Your agency should establish protocols for coping with various kinds of crises. As part of the home visitor's orientation training, you should have the opportunity to learn relevant policies and procedures and practice the skills involved in managing a crisis. The home visitor should know who the agency's community partners are and how and when to contact them. You should also have emergency phone numbers for the management team at your agency.
A crisis is a time of intense difficulty, trouble, or danger that may cause family tensions and imbalance to rise. It may require a very quick intervention for the safety of the family. Family members may become overwhelmed, immobilized, frightened, and unpredictable. However, they may also be open to new approaches to solving problems. With the right tools, a crisis may provide an opportunity for both you and the family to make significant, positive changes. While home visitors are frequently called on for support in their interactions with families, you are not operating alone and should work with the management team when helping families manage a crisis.

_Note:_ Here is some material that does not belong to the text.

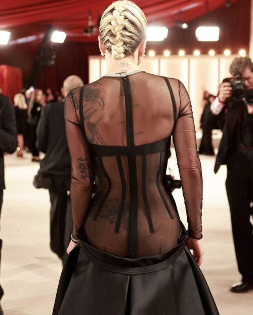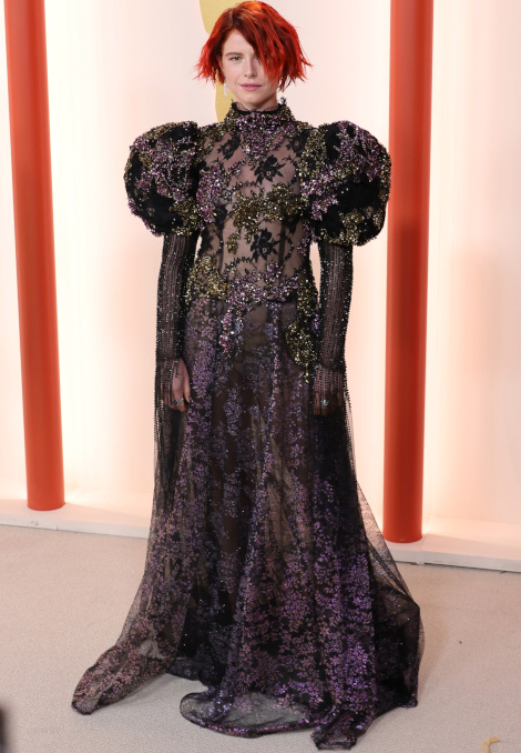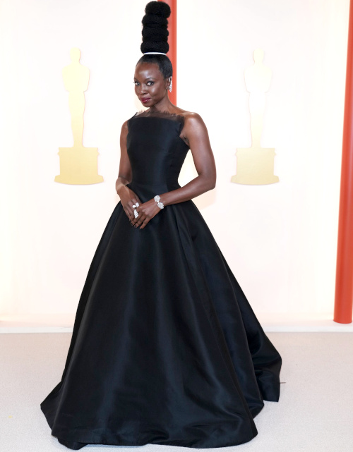 Élégante, gracieuse et humblement sûre d'elle-même, Michelle Yeoh - qui décrocha l'Oscar de la meilleure actrice - peut se targuer d'avoir su choisir une robe (Dior) célébrant avec justesse sa douceur raffinée (voir ici et là). Si la tenue Louis Vuitton de Cate Blanchett ne démérite pas, on regrette néanmoins que l'actrice n'ait pas proposé quelque chose de plus enthousiasmant (voir ici). Jamie Lee Curtis a beau apparaître particulièrement sculpturale, les baleines fictives de sa robe Dolce & Gabbana n'en ressemblent pas moins à une gaine en voie de déliquescence (voir ici). Le syndrome "Scarlett O'Hara" fut diagnostiqué chez bon nombre d'invitées à la célèbre cérémonie hollywoodienne : de Florence Pugh à Elizabeth Banks en passant par Cara Delevingne, Fan Bingbing et Stephanie Hsu, toutes donnèrent l'impression d'avoir taillé leur toilette dans les rideaux de leur riche demeure... Mêlant coupe banalement sobre et traîne évoquant la dépouille d'un corbeau piñata, la robe Prada arborée par Hong Chau ne rend hommage ni la fraîcheur de l'actrice, ni à la maison italienne. Si le mix "coupe courte + fourreau partiellement argenté + cape translucide brodée de diamants" fonctionne parfaitement sur le papier, force est de constater que dans la pratique, le manque d'espièglerie de ladite coupe et la dégaine de vestale aseptisée de l'ensemble Chanel diffusent sur l'ensemble de la silhouette une aura soporifique. Dommage, surtout lorsque l'on se souvient de l'opus 2017 qui avait vu apparaître sur son tapis rouge une Michelle Williams à la simplicité mutine… Lady Gaga attira l'attention en portant une robe Versace dévoilée quelques jours auparavant lors du défilé A/H de la griffe. Une toilette très Mireille Darc… Pour autant, ce n'est pas l'audacieuse coupe de la robe de la jeune femme que l'on retiendra, mais plutôt son empressement non feint à se porter au secours d'un photographe qu'elle fit trébucher un instant plus tôt. Plus que jamais symbole du "girl power", l'imagerie de la sorcière semble avoir inspiré aussi bien Jessie Buckley que Molly Sims, qui semblent toutes deux en partance pour le casting d'Hocus Pocus… Nicole Kidman a apparemment trouvé la localisation de la fontaine de Jouvence… (voir ici) Ce n'est pas parce que le tapis rouge s'est mué en moquette beige que le port de l'orange se révèle plus aisé. Qu'il s'agisse du mix orange/noir (trop premier degré), du duo orange/sequins (trop déguisement) ou de l'ensemble orange/coupe glamour (trop alambiqué), cette couleur - qui lorsqu'elle est bien maîtrisée peut faire des merveilles au sein d'un look prêt-à-porter - n'est pas parvenue à briller en mode "soir". Kate Hudson semble bien s'amuser et c'est tout ce qui compte (voir ici). Le glamour hollywoodien et subtilement rétro émanant de l'allure globale de Jessica Chastain s'avère presque trop parfait pour être séduisant (voir ici). Si le mieux est l'ennemi du bien, le trop échancré est quant à lui l'ennemi de l'allure, comme nous le prouve - à ses dépens - Halle Berry (voir ici). Une robe devrait être pensée pour être seyante en mouvement… (Ana de Armas en Louis Vuitton) Le duo col montant/manches longues remporte l'Oscar du tandem stylistique à éviter absolument sur les tapis rouges/beiges (Melissa McCarthy et Karen Murphy). Le regard de Colin Farrell lancé à son fils de 13 ans nous rend l'acteur particulièrement sympathique (voir ici). Si l'esprit "Jane Austen" de la robe Alexander McQueen de Rooney Mara ne manque pas de charme, la traîne de cette dernière - qui semble retenue par un élastique attaché à la va-vite - laisse songeur (voir ici). Alors que Rihanna n'en finit pas de décliner le concept de "future maman sexy", on regrette que celle-ci ne ne parvienne pas à insuffler un brin de subtilité à l'exercice (voir ici et là). À la fois classique et intemporelle, la robe portée par Danai Gurirar et imaginée par Jason Wu fut l'une des belles surprises de la soirée. On est par contre moins convaincu - sur le plan esthétique - par la coiffure de l'actrice rendant hommage "aux femmes africaines portant des objets sur leur tête". Les futures mariées devraient trouver de quoi s'inspirer au sein de la revue de looks de cette cérémonie des Oscars, tant on eut parfois l'impression d'assister à un défilé Pronuptia (voir ici, ici, ici et là). La toilette Moschino d'Angela Bassett n'est pas sans évoquer l'emballage "artistique" réalisé par certains fleuristes pour finaliser leurs bouquets... En entravant les mouvements de Jennifer Connelly, le fourreau conçu par Nicolas Ghesquière fige l'actrice dans une posture froide et empruntée.

Crisis intervention is guided by six major goals that influence decisions about Head Start and Early Head Start's role with a family in crisis and their aim to stabilize and strengthen the family:
- Identify and understand the crisis-triggering events.

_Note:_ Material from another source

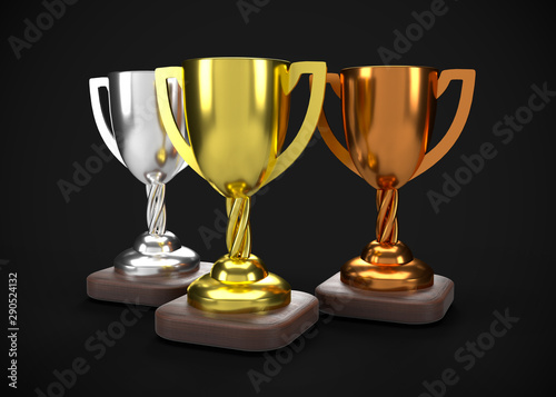 Gold Silver & Bronze Trophy Champions Winner 3D Render

- Relieve the acute symptoms of stress being experienced by the whole family and individual family members; this step may best be taken by police or other community agencies.
- Restore the family and family members to their best pre-crisis levels of functioning or better.
- Identify steps the family, Head Start and Early Head Start staff, and community resource providers can take to remedy the crisis.
- Establish a connection between the family's current situation and past experiences.
- Support the family's use of new ways of coping with stressful situations, which can include referrals for mental health consultation.
You support a family in crisis by:
- Recognizing the signs of high-risk behaviors (e.g., substance abuse, domestic violence) and observing and verifying potentially dangerous situations (e.g., guns in the house, violent outbursts)
- Identifying potential stressors, such as a loss of a job or unexpected expenses, violence in the neighborhood, or sudden natural disasters (e.g., floods, hurricanes, earthquakes, fire, and tornadoes)
- Having partnerships with local agencies and nonprofit and faith-based organizations that provide crisis intervention
- Ensuring these agencies will provide culturally appropriate services, such as homeless, women's, and domestic violence shelters, food banks, and health clinics
- Establishing protocols and training in your program for how to respond to different kinds of crises
- Keeping the family safe while recognizing that your first responsibility is to keep yourself safe
- Having culturally relevant response plans and services in place
- Using a strengths-based approach as you help the family figure out what they want and how they might achieve it
- Maintaining your professional boundaries and supporting the family within the protocols and practices defined by your agency
- Having information and resources available to assist staff and families after a crisis
- It may be useful for family members or staff to speak with a mental health consultant after a crisis or read information about common reactions to crisis
Assessing Family Crisis
A crisis is a period of heightened family tension and imbalance that requires quick staff identification. Head Start staff who work with families will find this information useful in understanding what brings about crises for families. Just as a crisis is an opportunity for a family, it is also an opportunity for staff to make a real difference in the life of a Head Start family.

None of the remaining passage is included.